The National Security Agency on Tuesday released a report attempting to outline the privacy and civil liberty protections that go into the collections of signal intelligence under authority from a decades-old executive order, known as 12333.
The report, from the NSA Civil Liberties and Privacy Office, casts little new information, and the NSA admits its protections are limited because of the nature of its work.
“Because NSA has a national security mission, the principles of transparency and individual participation are not implemented in the same manner they are by organizations with a more public-facing mission,” the report states.
{mosads}The NSA Civil Liberties and Privacy Office was established in January following criticism of the agency stemming from revelations about secret surveillance programs leaked by Edward Snowden last year.
The office is separate from the independent federal Privacy and Civil Liberties Oversight Board, which released reports earlier this year on NSA surveillance. When the NSA posted a job listing for a privacy and civil liberties officer last year, some balked, saying that many times the position is used as another way to justify the programs.
“I can’t seem to find the part of the NSA Civil Liberties and Privacy Office report that slams the NSA for violating our civil liberties,” tweeted Chris Soghoian, the principal technologist at the American Civil Liberties Union.
The 12333 executive order, dating back to the Reagan era, has gained increased attention lately after the ACLU published documents that found it to be the authority that most governs NSA surveillance.
The order differs from other authority that governs collection of phone metadata in the United States, on which Congress has focused most. . The order authorizes the collection of electronic foreign communications. While Americans can’t be targeted without a court order, their information can be inadvertently swept up in other foreign investigations.
As disclosed previously, the new NSA report states that the information collected can be retained for up to five years before it has to be destroyed, unless there is a national security exception. The information can be retained longer if it is relevant to litigation.

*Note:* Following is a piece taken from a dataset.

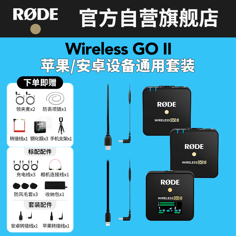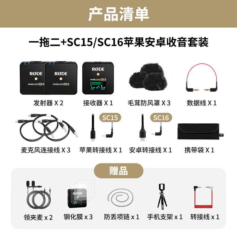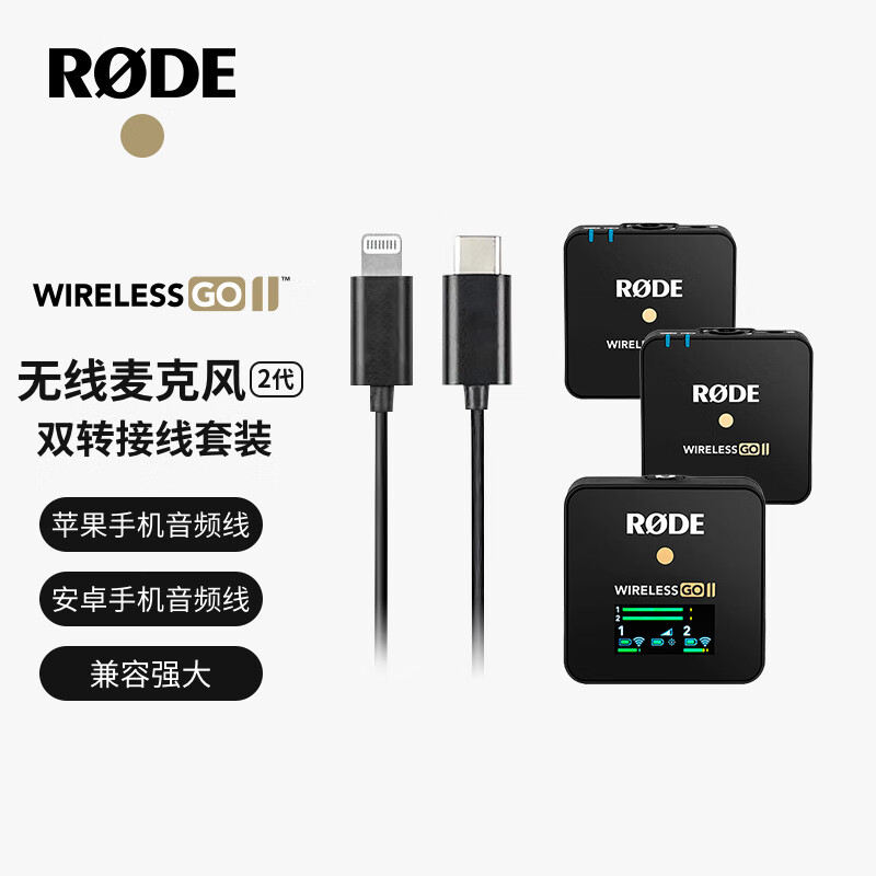 RODE罗德Wireless GO II 无线领夹麦克风一拖二直播录音采访VLOG相机手机专业收音话筒+SC15/SC16套装价格:2855.00元!

In the new report, the NSA notes there is risk that the agency “could inadvertently collect data that is not related to the target.” It says automated systems guard against that and deletes “data it should not have received.” The agency also says it is transitioning to more modern cloud-based repositories to store the data.
When an American is identified as being incorrectly targeted during a specific foreign intelligence search, that information is deleted, according to the NSA.
“In the event an incorrect entity is targeted, all selectors associated with that entity must be removed from targeting and, if that entity is a U.S. Person, the data must be deleted from NSA system,” according to the document.
The report states that all analyst searches of signal intelligence “are documented” and they are required to record why certain queries are made.